▸ **Task prompt**: Some of the lines below need repeating. Reproduce exactly those between the lines holding "金襴緞子の帯地や中綿の入った" and "1 grudnia 2022", inclusive.

▸ **Data**:
%%

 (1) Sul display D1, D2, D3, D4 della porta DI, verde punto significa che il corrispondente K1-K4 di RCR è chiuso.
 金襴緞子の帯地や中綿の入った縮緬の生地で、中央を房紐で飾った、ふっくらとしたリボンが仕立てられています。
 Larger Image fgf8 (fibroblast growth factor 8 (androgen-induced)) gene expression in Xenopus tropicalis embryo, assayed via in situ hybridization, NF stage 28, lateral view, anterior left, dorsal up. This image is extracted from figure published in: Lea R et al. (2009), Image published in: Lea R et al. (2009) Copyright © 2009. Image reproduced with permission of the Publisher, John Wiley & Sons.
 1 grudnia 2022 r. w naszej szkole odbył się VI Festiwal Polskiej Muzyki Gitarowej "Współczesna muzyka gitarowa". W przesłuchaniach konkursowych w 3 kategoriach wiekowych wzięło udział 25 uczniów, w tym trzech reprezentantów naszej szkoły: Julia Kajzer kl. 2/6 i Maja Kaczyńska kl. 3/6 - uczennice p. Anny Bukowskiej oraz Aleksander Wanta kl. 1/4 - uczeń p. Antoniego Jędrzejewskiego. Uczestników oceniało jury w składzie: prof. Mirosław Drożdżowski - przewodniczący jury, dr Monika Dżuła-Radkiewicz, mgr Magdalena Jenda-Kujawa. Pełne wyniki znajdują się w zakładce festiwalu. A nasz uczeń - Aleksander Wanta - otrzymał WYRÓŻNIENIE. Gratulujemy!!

%%
%%

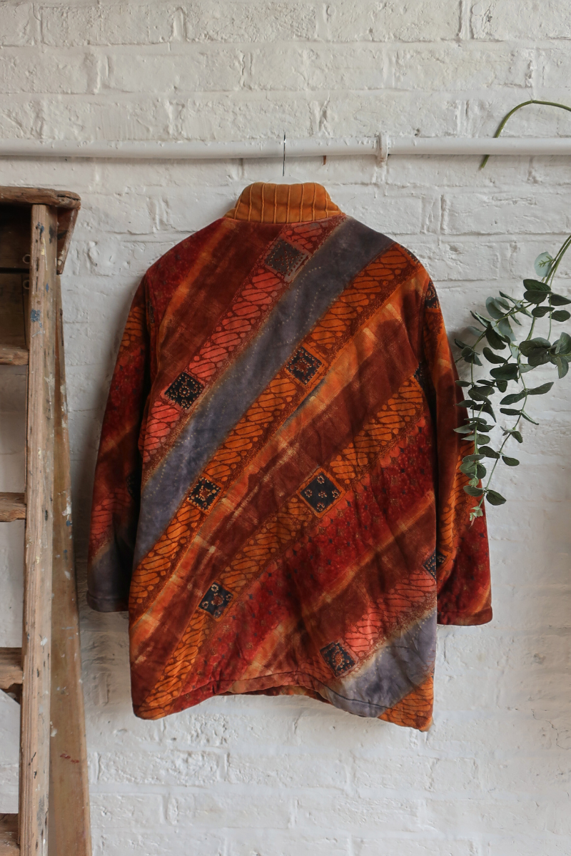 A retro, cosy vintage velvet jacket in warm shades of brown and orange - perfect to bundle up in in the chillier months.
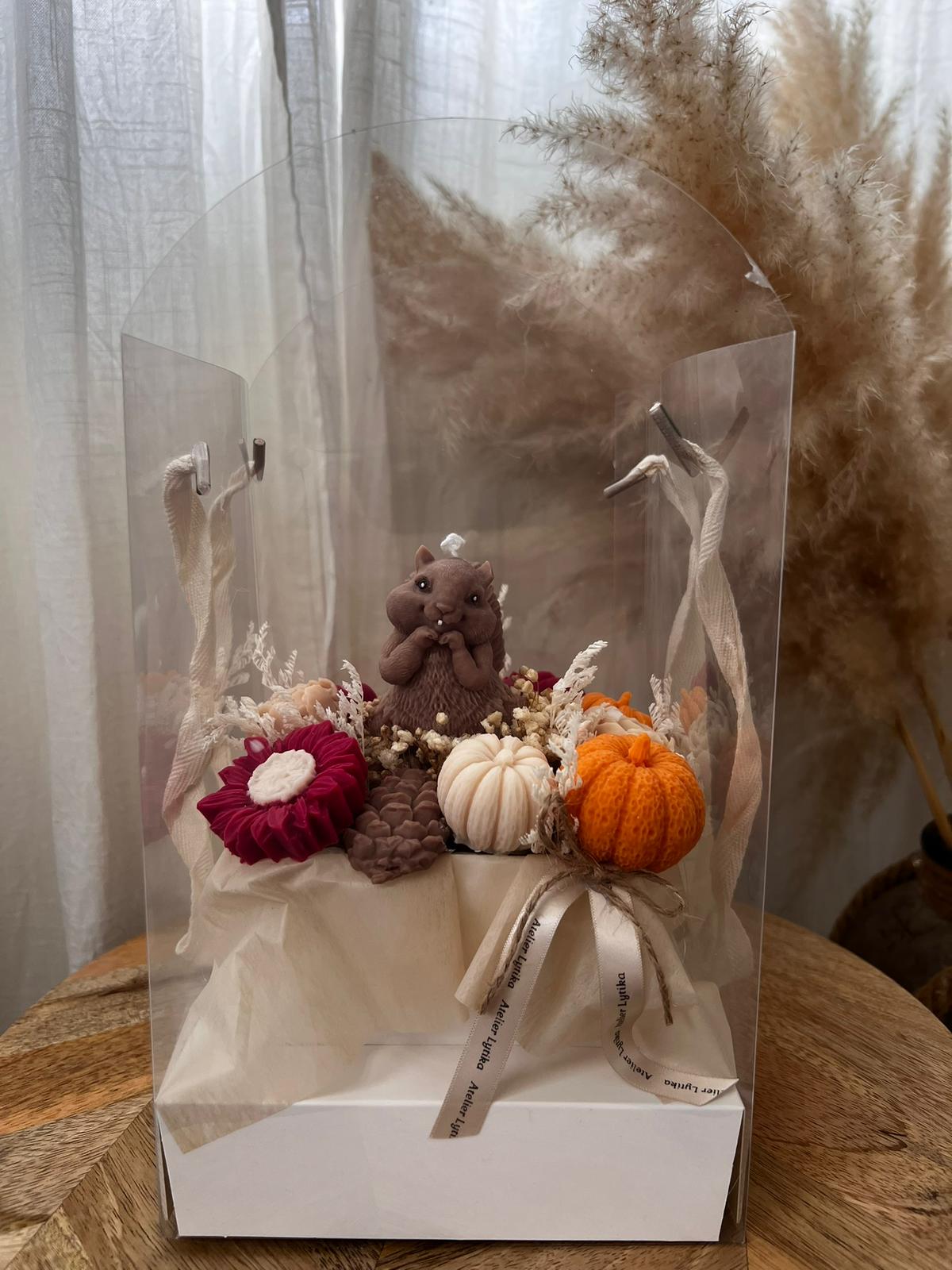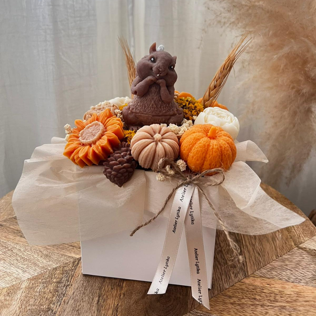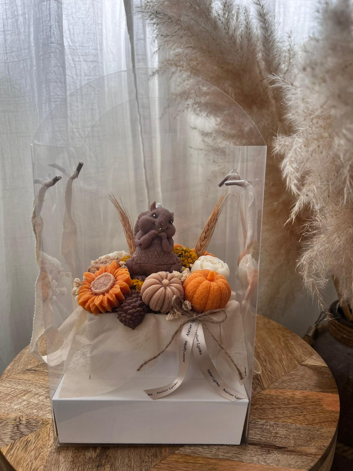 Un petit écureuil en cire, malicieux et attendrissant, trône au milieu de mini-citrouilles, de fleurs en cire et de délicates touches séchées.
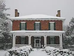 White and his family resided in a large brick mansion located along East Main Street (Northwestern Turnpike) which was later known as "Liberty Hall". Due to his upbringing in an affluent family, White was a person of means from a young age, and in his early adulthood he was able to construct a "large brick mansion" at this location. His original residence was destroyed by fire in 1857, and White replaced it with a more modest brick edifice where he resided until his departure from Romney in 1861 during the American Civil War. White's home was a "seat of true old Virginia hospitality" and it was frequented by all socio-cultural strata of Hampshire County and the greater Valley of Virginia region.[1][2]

%%

▸ **Response to this task**:
 金襴緞子の帯地や中綿の入った縮緬の生地で、中央を房紐で飾った、ふっくらとしたリボンが仕立てられています。
 Larger Image fgf8 (fibroblast growth factor 8 (androgen-induced)) gene expression in Xenopus tropicalis embryo, assayed via in situ hybridization, NF stage 28, lateral view, anterior left, dorsal up. This image is extracted from figure published in: Lea R et al. (2009), Image published in: Lea R et al. (2009) Copyright © 2009. Image reproduced with permission of the Publisher, John Wiley & Sons.
 1 grudnia 2022 r. w naszej szkole odbył się VI Festiwal Polskiej Muzyki Gitarowej "Współczesna muzyka gitarowa". W przesłuchaniach konkursowych w 3 kategoriach wiekowych wzięło udział 25 uczniów, w tym trzech reprezentantów naszej szkoły: Julia Kajzer kl. 2/6 i Maja Kaczyńska kl. 3/6 - uczennice p. Anny Bukowskiej oraz Aleksander Wanta kl. 1/4 - uczeń p. Antoniego Jędrzejewskiego. Uczestników oceniało jury w składzie: prof. Mirosław Drożdżowski - przewodniczący jury, dr Monika Dżuła-Radkiewicz, mgr Magdalena Jenda-Kujawa. Pełne wyniki znajdują się w zakładce festiwalu. A nasz uczeń - Aleksander Wanta - otrzymał WYRÓŻNIENIE. Gratulujemy!!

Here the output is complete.